Feed Shark When I Grow Up: Evergreen . . . No More

08 February 2011

Evergreen . . . No More

The joke's on the Christmas tree, New Year's is here
The king of the living room's out on his ear
You take back the gifts that you laid at his feet
And you drag the old tannebaum out to the street

We took back the star that he thought was his crown

We packed up in papers his bright-colored gown
The lights and the ornaments back on the shelf
His majesty now can take of himself

And it's nay, nay, nay never

Nay nay never no more
Shall he stay green forever
He's evergreen no more

In a ditch by the roadside he dies like a dog

What once was the Christmas tree now is a log
Broken brown branches half-buried in snow
Are bones of a hero one Christmas ago

And it's nay, nay, nay never

Nay nay never no more
Shall he stay green forever
He's evergreen no more

But if you look closely, it's easy to see

A tangle of tinsel is caught in the tree
That one badge of honor is all that remains
Of those glorious Christmas tree evergreen days

And it's nay, nay, nay never

Nay nay never no more
Shall he stay green forever
He's evergreen no more



Copyright - David Wilcox



We didn't even get a tree put up this year (long story that essentially comes down to Sunday afternoon laziness restfulness on the part of yours truly and two of the three children), but this time of year they are seen in quite different places than in December.  I see them on the side of the road, in the back of pickup trucks headed to the lake, and in roadside trash dumps nearly everyday.

Christmas trees are done.

Kindling.

Firewood.

Fish habitats.

Mulch.

Eyesores.

They are last year's news and last year's trouble. 

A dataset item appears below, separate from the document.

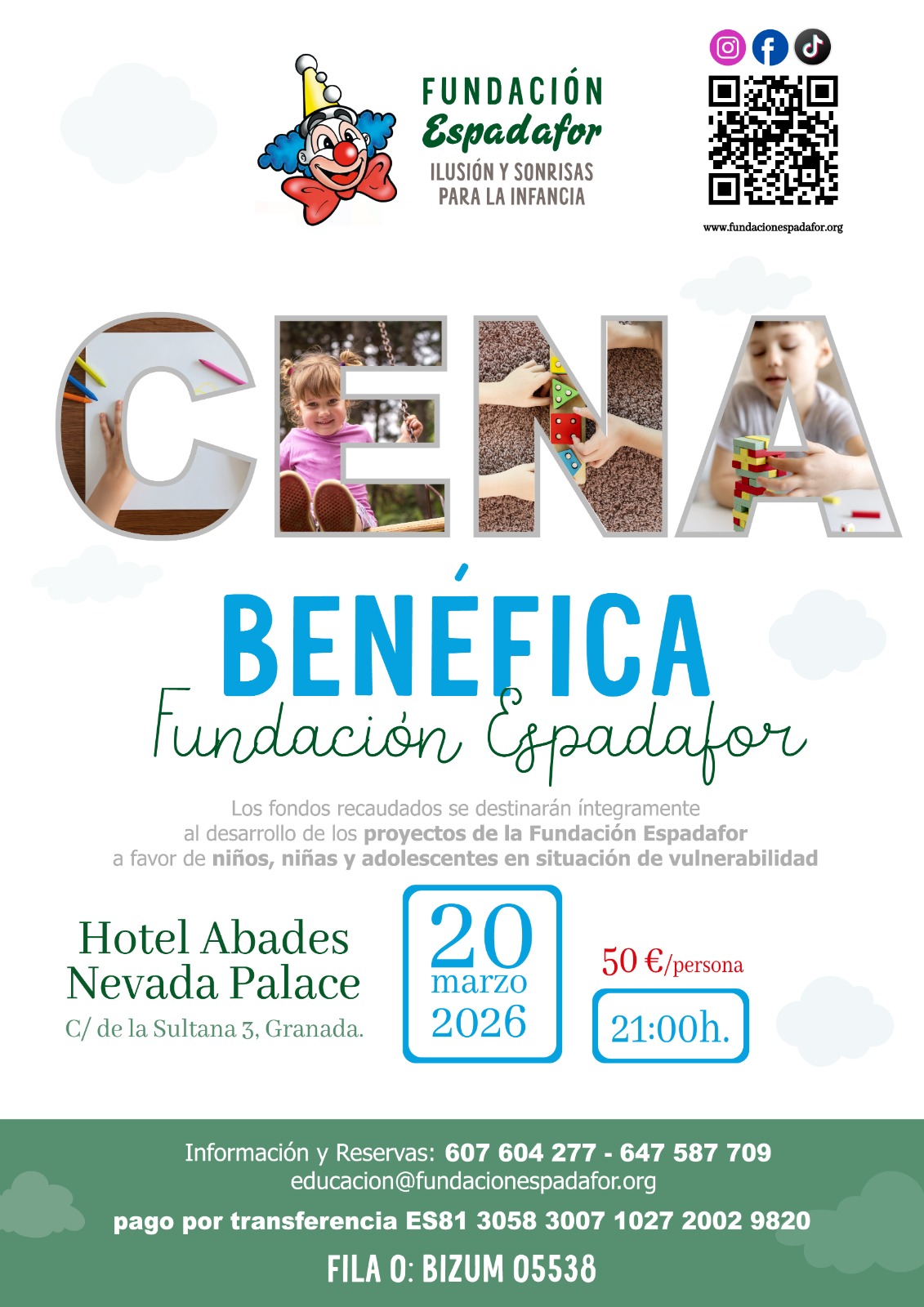Desde la Fundación Espadafor estamos emocionados de invitaros a nuestra cena benéfica el próximo 20 de marzo de 2026. Será una noche para compartir, disfrutar y, sobre todo, apoyar a los más pequeños que más lo necesitan. Nos vemos a las 21:00 h en el Hotel Abades Nevada Palace (Calle de la Sultana, 3), en Granada, en un ambiente cercano

Maybe a few of the trees will make it to a recycling station to be re-purposed.


Tinsel finds itself in robin's nests and mangled into grassy tangles in a roadside ditch for the Adopt-a-Highway crews to clean up when the gullies dry and the sun warms the days.

Ornaments are packed away in attics, under beds, in storage buildings, and basements to enjoy their long winter's nap all the way through Spring, Summer, and Fall.  

They remind me that we take Christmas too lightly and too seasonally.  Christmas long ago became an exercise in commercialism run more by the marketing gurus than by the Church.

I'd just as soon not put up a Christmas tree, but I would rather we sang "Joy to the World" and "Silent Night" at least once a month as part of worship - ALL YEAR LONG!

The world stills itself  for a few hours in the midst of the mad rush to the mall or some office party or family gathering to listen to the first few chapters of Luke for a few minutes.  Maybe someone throws in Matthew's version and very seldom John's "And the Word became flesh . . ." but that all happens in December.  We need to celebrate in January, February and July the Truth of those words.

Thankfully, the story endures regardless of the season and regardless of our daily rituals of practical atheism.

And it grows into something more than an evergreen tree to be discarded along a roadside.

More than a tree, lights, ornaments, songs, and the kindling of a fire by a discarded piece of resin-soaked fat wood; the story starts a fire in the hearts of His people that cares not the season because there always remains a need for the burning into our hearts and understanding of the love, the tenderness, the sacrifice and the holiness that makes the Christmas season possible.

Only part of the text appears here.